> [DIRECTIONS]
Produce a word-for-word copy of the lines from the one that contains "可将管理员的信息发布在远程用" to the final line of the data below, with all pictures dropped.

Saved data entries:
________________________

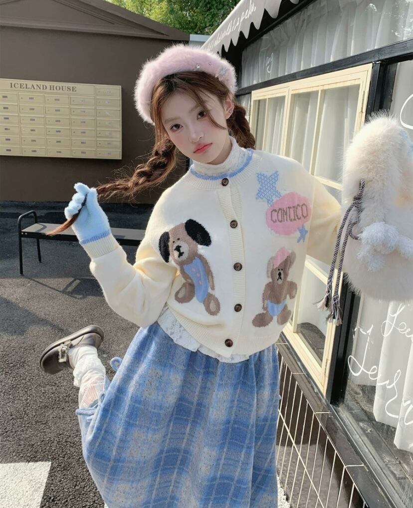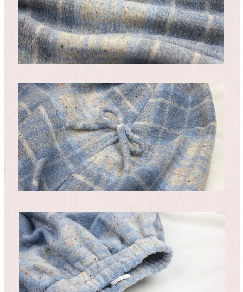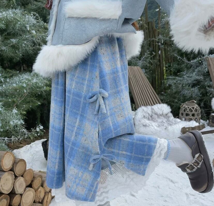 水色 チェック スカート ボトムス リボン ガーリー 原宿 可愛い
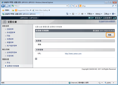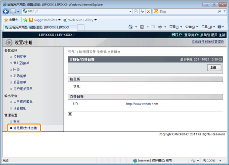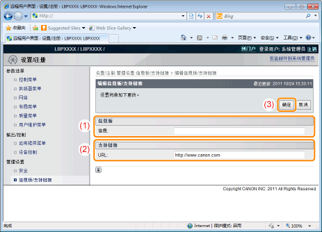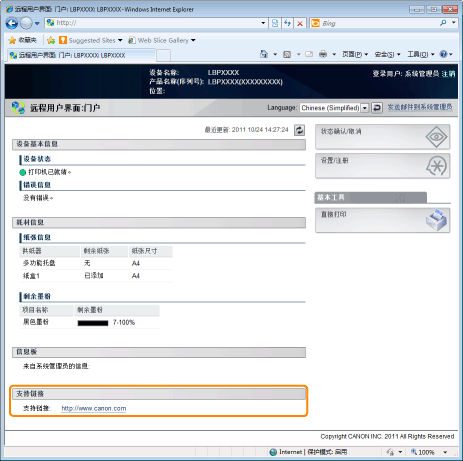 可将管理员的信息发布在远程用户界面门户页的留言板上。而且,可在门户页支持链接中设置打印机支持信息的链接,需要时可从远程用户界面访问。
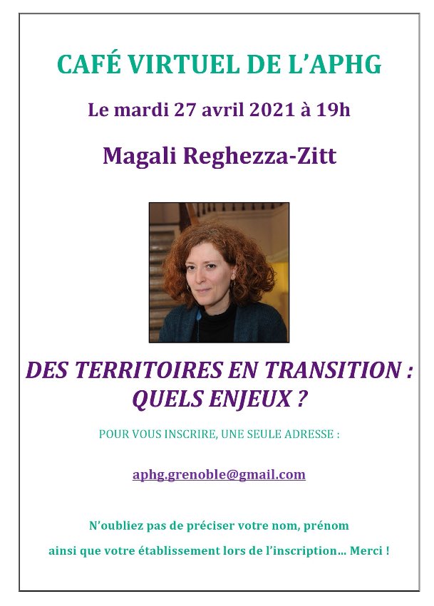 Le 27 avril 2021, la régionale de Grenoble de l’APHG recevait dans le café virtuel Magali Reghezz-Zitt pour évoquer les enjeux des territoires en transition. Ce café – modèle hybride entre la visioconférence en public et l’entretien – était très stimulant et permettait de réfléchir sur une notion centrale du nouveau programme de lycée.
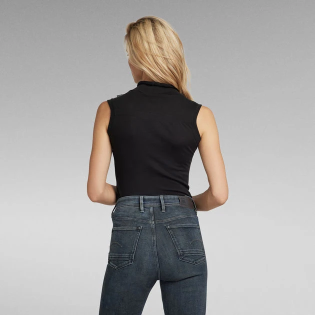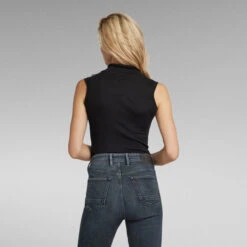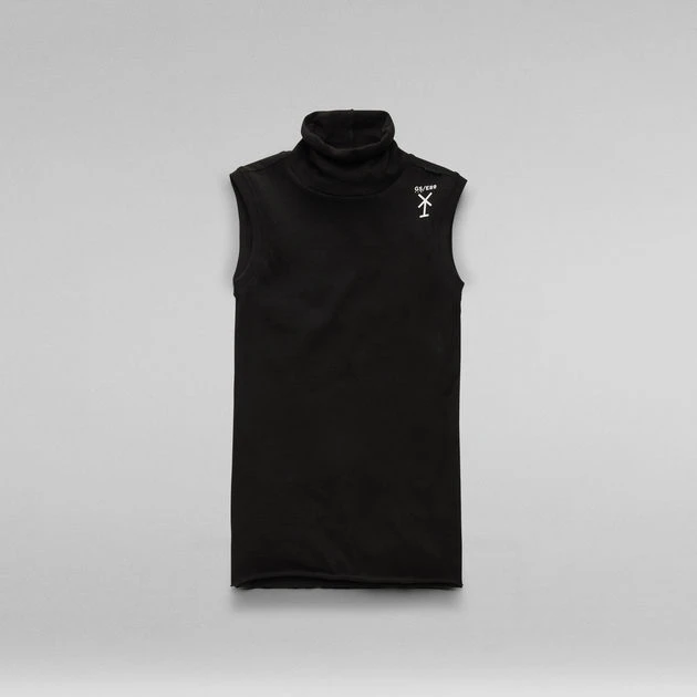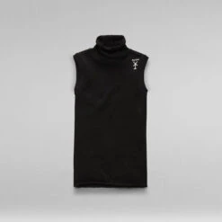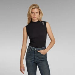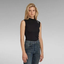 Sleeveless top Rib Mock Neck is designed in a slim fit and offers a turtleneck. A graphic print is added to the front shoulder as well as the lower back
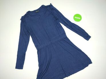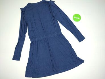 Sukienka H&M – granatowa, damska - Rozmiar: EU 36 (US/CA 6, CN 165/84A) - Fason: mini/krótka tunika - Rękawy: 3/4, mankiety zapinane na guzik - Dekolt: kopertowy z falbaną, częściowo zapinany na g...

________________________

> [WORKED SOLUTION]
 可将管理员的信息发布在远程用户界面门户页的留言板上。而且,可在门户页支持链接中设置打印机支持信息的链接,需要时可从远程用户界面访问。
 Le 27 avril 2021, la régionale de Grenoble de l’APHG recevait dans le café virtuel Magali Reghezz-Zitt pour évoquer les enjeux des territoires en transition. Ce café – modèle hybride entre la visioconférence en public et l’entretien – était très stimulant et permettait de réfléchir sur une notion centrale du nouveau programme de lycée.
 Sleeveless top Rib Mock Neck is designed in a slim fit and offers a turtleneck. A graphic print is added to the front shoulder as well as the lower back
 Sukienka H&M – granatowa, damska - Rozmiar: EU 36 (US/CA 6, CN 165/84A) - Fason: mini/krótka tunika - Rękawy: 3/4, mankiety zapinane na guzik - Dekolt: kopertowy z falbaną, częściowo zapinany na g...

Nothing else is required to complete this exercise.